Regulations and compliance.
There are several questions that the healthcare industry must ask when implementing blockchain technology, such as who owns the data, and what are the rules in order to grant access to the data stored in it? You should also make sure that you are in compliance with the HIPAA Privacy Rule, and that sensitive patient information is secure.
Blockchain technology has moved from bleeding edge to cutting edge in the last three years but we’re probably a decade from seeing the widespread adoption of blockchain as the primary source of data for EHRs. But here at Liberty Fox Technologies, we do see blockchain being used as a data interchange where each provider will have their own medical data but blockchain will point to the location of that data in a much easier way.
In the end, this may all come down to cost. Blockchains are typically more budget-friendly than traditional information systems because the technology is open source, and it really doesn’t require constant monitoring, configuration, and administration. But because it’s a new technology, the costs of running these systems, in the long run, are not yet known and healthcare providers should probably bear the brunt of the expense. Hospitals and health systems are constantly wrangling with access to proper information for billing and reimbursement. Revenue cycle management is one of the industry’s most critical challenges. If providers could come together to create a beneficial blockchain-based ecosystem, it could have a dramatic effect on their bottom line and a critical long-term investment.

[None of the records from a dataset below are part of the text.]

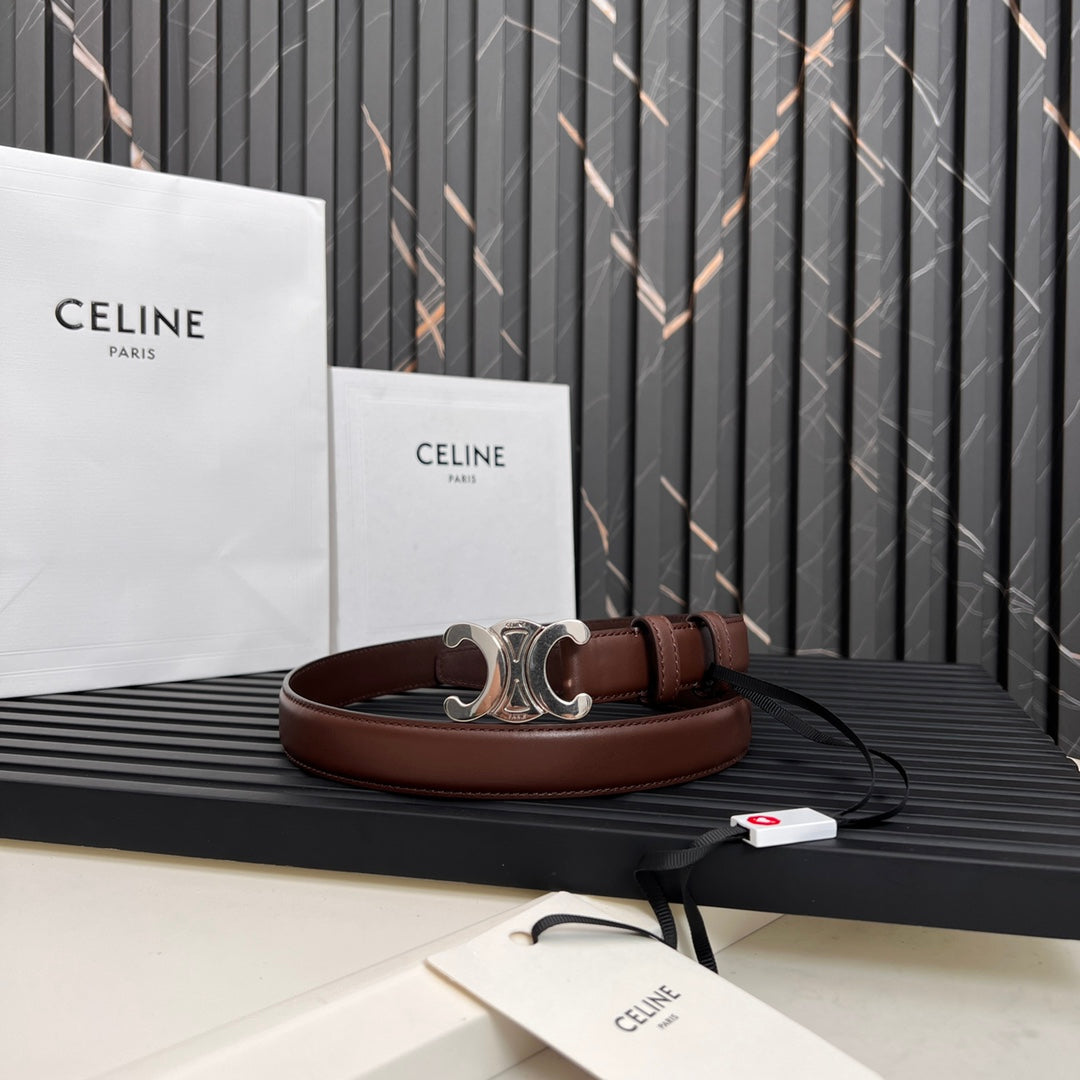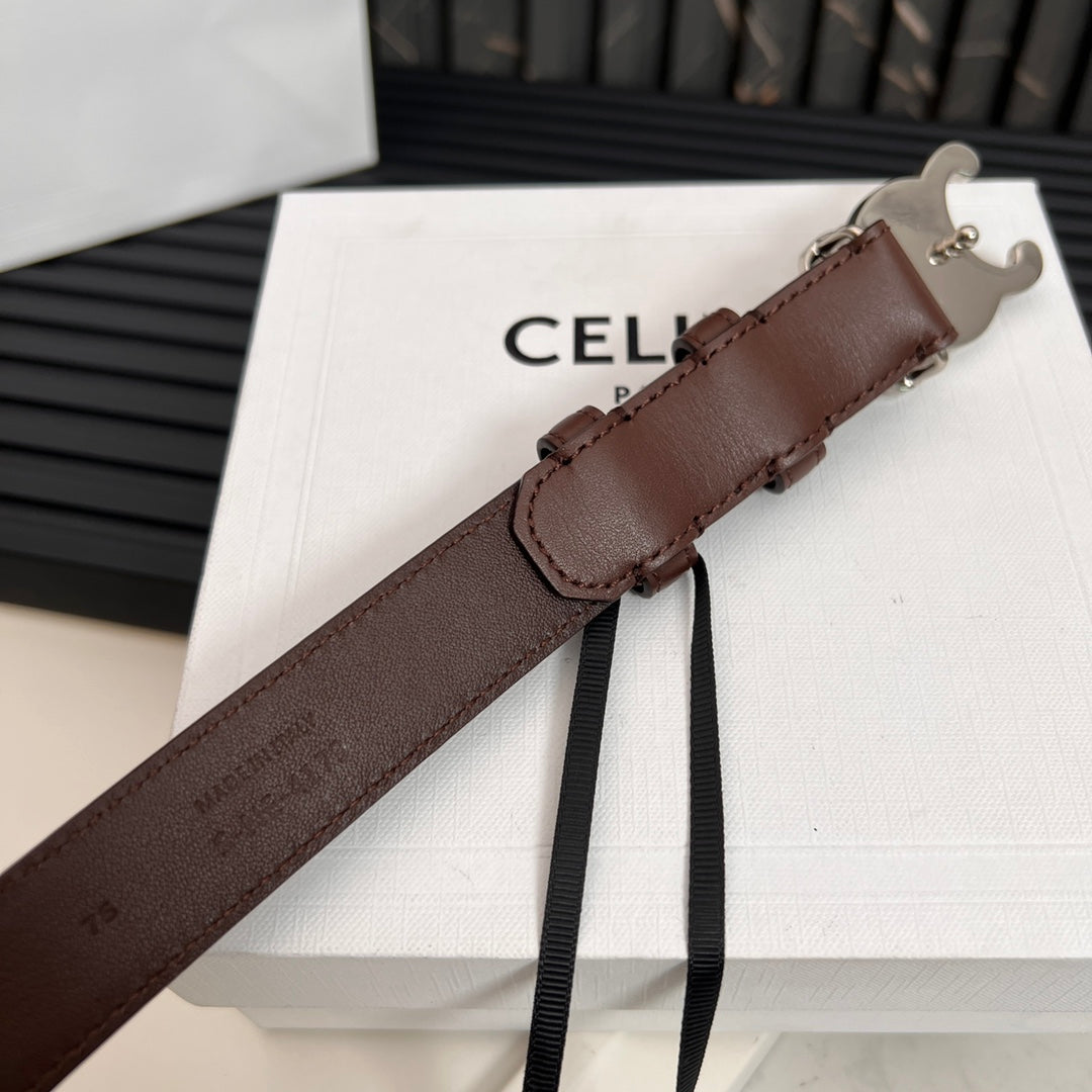 TRIOMPHE 25 MM BELT IN DARK BROWN CALFSKIN SILVER HARDWARE
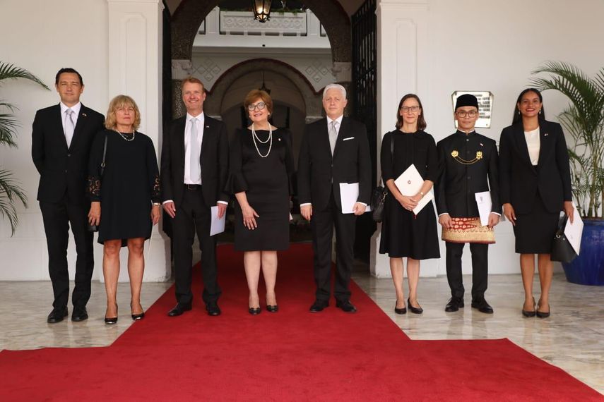 El presidente de la República, José Raúl Mulino, recibió las cartas credenciales de los embajadores de Eslovenia, Dinamarca, Suiza, Polonia, Indonesia, Reino Unido de Gran Bretaña e Irlanda del Norte, y Barbados, en una ceremonia oficial realizada en el Salón Amarillo del Palacio de Las Garzas.
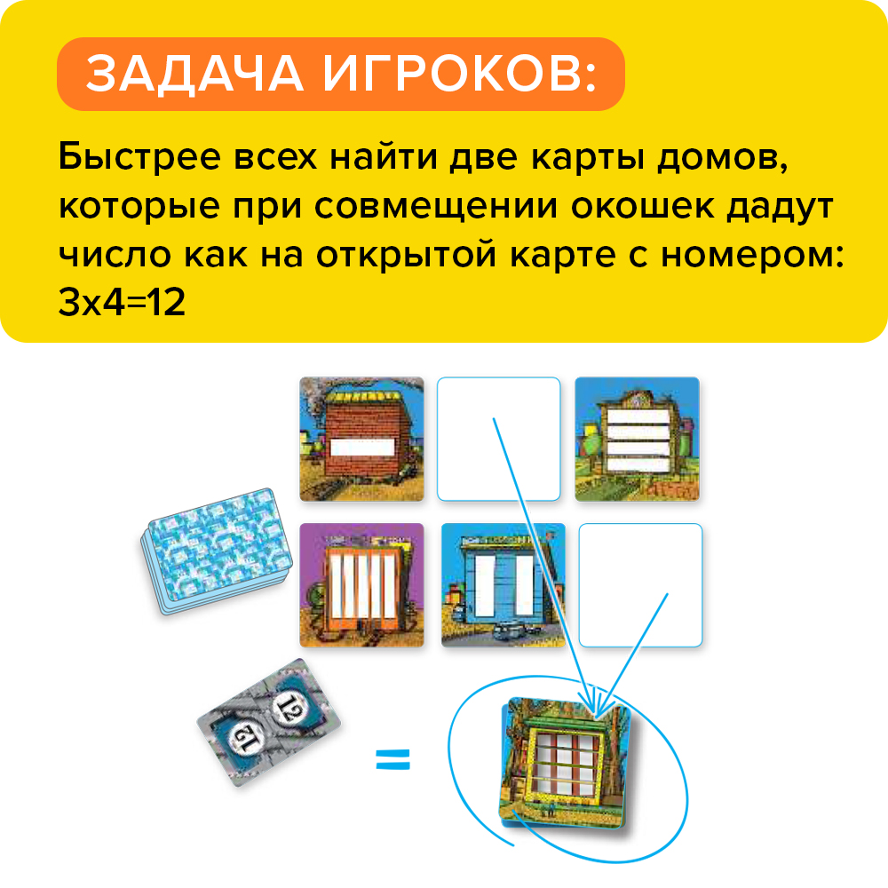 5+.«Много-много» — самый наглядный и простой способ познакомиться с умножением. Настольная игра позволяет детям не только научиться легко умножать числа от 1 до 5, но и собственными глазами увидеть, как происходит процесс умножения — в этом помогут красочные карточки с прозрачными окошками! 2-5 игроков, возраст: 5+, 8+. Для чего? При накладывании карты домика с двумя окошками на карту с тремя окошками мы получаем домик с шестью окнами. Умножение сразу стало наглядным и понятным. Почему так не делают в школе?! Как выиграть? Чтобы победить, нужно строить дома с заданным количеством окон. В быстром варианте игры это нужно делать быстрее всех, а в варианте «на подумать» надо проявить стратегическое мышление. В комплекте 30 пластиковых карт с прозрачными окошками 24 карты с номерами Игровая фишка Иллюстрированные правила.

The healthcare industry needs an MVE or Minimal Viable Environment for blockchain implementation. The future of blockchain in healthcare will depend on a minimum number of providers to get together for the betterment of the whole. Without an MVE, then blockchain is worthless. Think of it like the Internet. The power of the Internet is in direct correlation to the number of people using it. The Internet is the Internet because of the number of computers that are on it, not any one particular computer.
It may be up to a major industry association like the Healthcare Information and Management Systems Society (HIMSS) to get the ball rolling and move blockchain in healthcare from bit-player to prime-time reality star.